Uno de los rasgos más llamativos de la querella presentada contra la revista Qué Pasa ha sido el intento de distinguir entre la ciudadana Michelle Bachelet, por una parte, y el cargo de Presidenta de la República, por la otra.
La querella habría sido -se ha dicho- presentada por la ciudadana y no por la Presidenta.
La distinción tendría un objetivo aparentemente razonable: poner de manifiesto que, frente a la maledicencia, ella está tan herida en su honra como lo estaría cualquier hijo de vecino. Ella no se sentiría dañada como Presidenta, sino como persona común y corriente, y en este último carácter habría recurrido a los tribunales.
Suena bien.
Pero no está bien.
Y no está bien por dos razones.
La más obvia es jurídica.
Como el cargo de Presidenta de la República y los deberes que impone son del máximo interés público, de ahí se sigue que quien ejerce ese cargo posee un umbral de protección frente al escrutinio de la prensa, o incluso la maledicencia de las personas, que es más débil que el que tiene un ciudadano común y corriente. Como cualquier abogado sabe, quien ejerce un cargo público está menos protegido frente a la prensa que un ciudadano.
Así, entonces, cuando la Presidenta pretende que su querella contra los periodistas es la de una simple ciudadana, aparece pretendiendo un umbral de protección mayor al que, en razón de su cargo, está sometida. Así, lo que pudo ser un gesto de sencillez -decir que no actúa como Presidenta, sino como ciudadana- acaba siendo, objetivamente, una estrategia de protección. Pero eso no es aceptable: la Presidenta no puede esgrimir (como lo hizo) su carácter de ciudadana cercana y empática para obtener el poder presidencial, y luego (como se la hace aparecer hoy) esgrimir ese mismo carácter para evitar las servidumbres que ese poder le impone.
La otra razón es política.
Al invocar una condición de mera ciudadana, la Presidenta hace un esfuerzo por reverdecer el atributo que ha caracterizado su vida pública: su espontánea capacidad de sintonizar con las audiencias, su comportamiento de persona de a pie, ese talante que justamente por no presumir de aura alguna, la tenía. Pero ese hechizo -como las encuestas lo ponen de manifiesto- se deshizo. Y se esfumó como consecuencia del mismo caso al que pertenecen las declaraciones que la enardecieron y por la publicación de las cuales ahora se querella. La situación entonces no puede ser peor. La querella, en vez de apagar el fuego de Caval, lo sopla y lo atiza: mantiene en la esfera pública, a disposición de las audiencias y de la ciudadanía de a pie, impidiendo se le olvide o se desvanezca, el mismo caso que ha erosionado su prestigio y que con esta querella intentó absurdamente contener.

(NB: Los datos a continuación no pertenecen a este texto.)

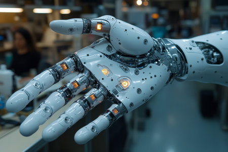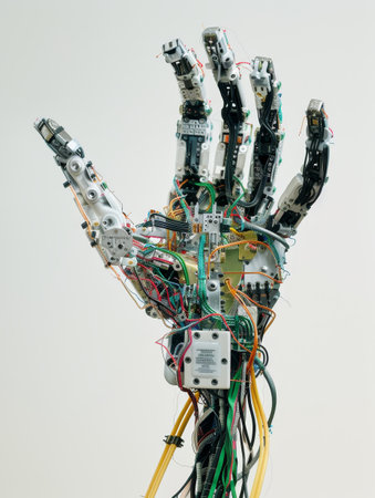 detailed robotic hand, showcasing advanced technology and precision, highlights the intersection of art and artificial intelligence

Es difícil imaginar un asunto con peores pérdidas para todos los partícipes -los querellantes, los querellados, los testigos, las instituciones- que el caso que ahora se inicia.

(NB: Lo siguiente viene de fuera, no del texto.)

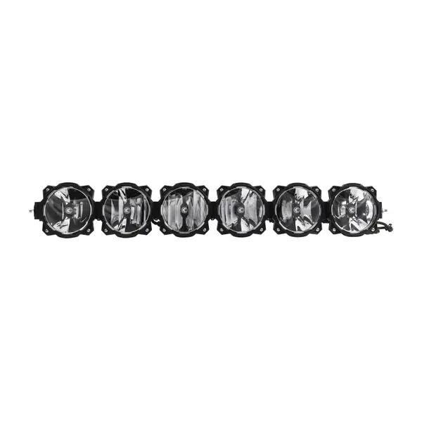 FEATURES-Powered by Gravity LED G6 optical insertsefficient, powerful, patented-Patent-pending Infinity Ring system enables the conversion of the Pro6 from straight to radius format in seconds (Patent-pending Application 14/704,736)-Signature KC modular design is expandable to different widths-Extremely high output with very low amperage draw-Multiple G6 beam patterns availableSpot, Driving, Wide-40LIGHT PERFORMANCE-Raw Lumens: 13,800 lm-Lux @ 10 Meters: 5,150 lx-Candela: 515,000 cd-Beam Distance (Meters): 1,435mSPECIFICATIONS-Wattage: 120W-Amp Draw: 9.78A-Voltage: 9-32V-Dimensions: H – 6.06″ xD – 3.33″ xW – 39.125″PARTS INCLUDED-(1) Pro6 LED Light Bar-(6) Light Covers – Black w/ Yellow KC Logo-Deluxe Plug-N-Play Wiring Harness with 30A LED SwitchPERFORMANCE Gravity LED OPTICSPatented Gravity LED G6 optical inserts provide exceptional efficiency and light output. 20W, G6 optics are available in Spot, Driving and Wide-40 patterns. INFINITY Ring SYSTEMThe Infinity Ring system provides a race-proven, adjustable linking system featuring expandable widths, modular beam shape and a radius or straight setting between each ringUNIVERSAL END MOUNT SYSTEMThe Pro6 LED light bar comes ready to fit most standard LED bar widths and is designed with high-strength aluminum end mounts.This universal mounting design easily attaches to KC mounts on your Jeep, Truck or UTVRACE PROVEN STRENGTH & DURABILITYInspired by endurance racing and tested by KC athletes worldwide, the Pro6 is set to break all performance barriers while providing the most durable, reliable and scalable light bar design available today
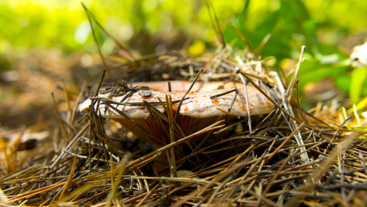Вот. Что тут за холмик небольшой на ровном тёмно-коричневом коврике опавшей листвы? А мы чуть сдвинем отдающий прелью покров в сторонку и под ним…

Una Presidenta atada, mientras dure el proceso judicial, al caso que la atormenta ya más de un año; periodistas describiendo en estrados el proceso de edición y contribuyendo así a que se someta su oficio, hasta hace poco orgulloso, al escrutinio judicial; ministros testificando obligados -era que no- las emociones presidenciales; preferencias políticas y editoriales, código penal en la mano, revisadas por un juez; una querella contra periodistas interpuesta con el pretexto de proteger la verdadera libertad de expresión; Chile, en fin, expuesto ante la comunidad internacional, la Sociedad Interamericana de la Prensa y la Relatoría de la Libertad de Expresión, como un país alérgico a la libertad de prensa, dando pretextos fáciles para que se le compare tontamente con la Argentina de Kichner o el Ecuador de Correa.
No cabe duda.
La estrategia de la querella parece diseñada por un adversario de inteligencia enrevesada que se hubiera propuesto no sacar nunca a la Presidenta de esa arena movediza -el caso Caval- por la vía de convencerla de que está saliendo, mientras al mismo tiempo le sugiere hacer todo lo necesario para hundirse todavía más en ella.